━━━━━ INPUT MATERIAL

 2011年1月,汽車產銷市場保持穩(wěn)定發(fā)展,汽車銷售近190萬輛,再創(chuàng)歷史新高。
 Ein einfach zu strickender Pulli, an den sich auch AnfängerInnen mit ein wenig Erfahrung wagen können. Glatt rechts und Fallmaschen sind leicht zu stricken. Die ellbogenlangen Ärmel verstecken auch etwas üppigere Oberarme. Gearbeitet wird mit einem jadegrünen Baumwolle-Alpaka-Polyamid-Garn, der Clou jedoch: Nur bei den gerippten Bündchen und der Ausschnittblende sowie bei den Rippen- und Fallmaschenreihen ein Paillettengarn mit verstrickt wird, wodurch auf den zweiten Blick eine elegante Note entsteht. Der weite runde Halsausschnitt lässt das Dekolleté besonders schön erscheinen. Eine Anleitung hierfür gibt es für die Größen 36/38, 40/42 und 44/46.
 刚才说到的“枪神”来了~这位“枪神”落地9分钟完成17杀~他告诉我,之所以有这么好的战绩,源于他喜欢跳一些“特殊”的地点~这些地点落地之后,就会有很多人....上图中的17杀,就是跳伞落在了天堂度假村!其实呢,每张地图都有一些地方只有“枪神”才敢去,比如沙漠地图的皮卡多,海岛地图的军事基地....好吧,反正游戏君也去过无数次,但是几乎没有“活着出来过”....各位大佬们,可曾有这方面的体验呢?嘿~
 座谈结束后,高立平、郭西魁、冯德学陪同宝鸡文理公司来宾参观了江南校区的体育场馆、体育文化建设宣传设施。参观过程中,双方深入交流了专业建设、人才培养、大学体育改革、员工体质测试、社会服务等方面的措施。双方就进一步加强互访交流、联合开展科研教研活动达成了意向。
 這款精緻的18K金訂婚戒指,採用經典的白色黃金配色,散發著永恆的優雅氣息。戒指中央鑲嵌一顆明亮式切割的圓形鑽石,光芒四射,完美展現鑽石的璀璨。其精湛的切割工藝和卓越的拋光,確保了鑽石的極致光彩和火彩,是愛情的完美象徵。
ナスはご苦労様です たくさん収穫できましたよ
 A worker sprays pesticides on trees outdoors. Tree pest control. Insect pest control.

━━━━━━━━━━

#### [EXERCISE DIRECTIONS]
Copy out the full set of records precisely, leaving nothing out.

#### [EXERCISE RESPONSE]
 2011年1月,汽車產銷市場保持穩(wěn)定發(fā)展,汽車銷售近190萬輛,再創(chuàng)歷史新高。
 Ein einfach zu strickender Pulli, an den sich auch AnfängerInnen mit ein wenig Erfahrung wagen können. Glatt rechts und Fallmaschen sind leicht zu stricken. Die ellbogenlangen Ärmel verstecken auch etwas üppigere Oberarme. Gearbeitet wird mit einem jadegrünen Baumwolle-Alpaka-Polyamid-Garn, der Clou jedoch: Nur bei den gerippten Bündchen und der Ausschnittblende sowie bei den Rippen- und Fallmaschenreihen ein Paillettengarn mit verstrickt wird, wodurch auf den zweiten Blick eine elegante Note entsteht. Der weite runde Halsausschnitt lässt das Dekolleté besonders schön erscheinen. Eine Anleitung hierfür gibt es für die Größen 36/38, 40/42 und 44/46.
 刚才说到的“枪神”来了~这位“枪神”落地9分钟完成17杀~他告诉我,之所以有这么好的战绩,源于他喜欢跳一些“特殊”的地点~这些地点落地之后,就会有很多人....上图中的17杀,就是跳伞落在了天堂度假村!其实呢,每张地图都有一些地方只有“枪神”才敢去,比如沙漠地图的皮卡多,海岛地图的军事基地....好吧,反正游戏君也去过无数次,但是几乎没有“活着出来过”....各位大佬们,可曾有这方面的体验呢?嘿~
 座谈结束后,高立平、郭西魁、冯德学陪同宝鸡文理公司来宾参观了江南校区的体育场馆、体育文化建设宣传设施。参观过程中,双方深入交流了专业建设、人才培养、大学体育改革、员工体质测试、社会服务等方面的措施。双方就进一步加强互访交流、联合开展科研教研活动达成了意向。
 這款精緻的18K金訂婚戒指,採用經典的白色黃金配色,散發著永恆的優雅氣息。戒指中央鑲嵌一顆明亮式切割的圓形鑽石,光芒四射,完美展現鑽石的璀璨。其精湛的切割工藝和卓越的拋光,確保了鑽石的極致光彩和火彩,是愛情的完美象徵。
ナスはご苦労様です たくさん収穫できましたよ
 A worker sprays pesticides on trees outdoors. Tree pest control. Insect pest control.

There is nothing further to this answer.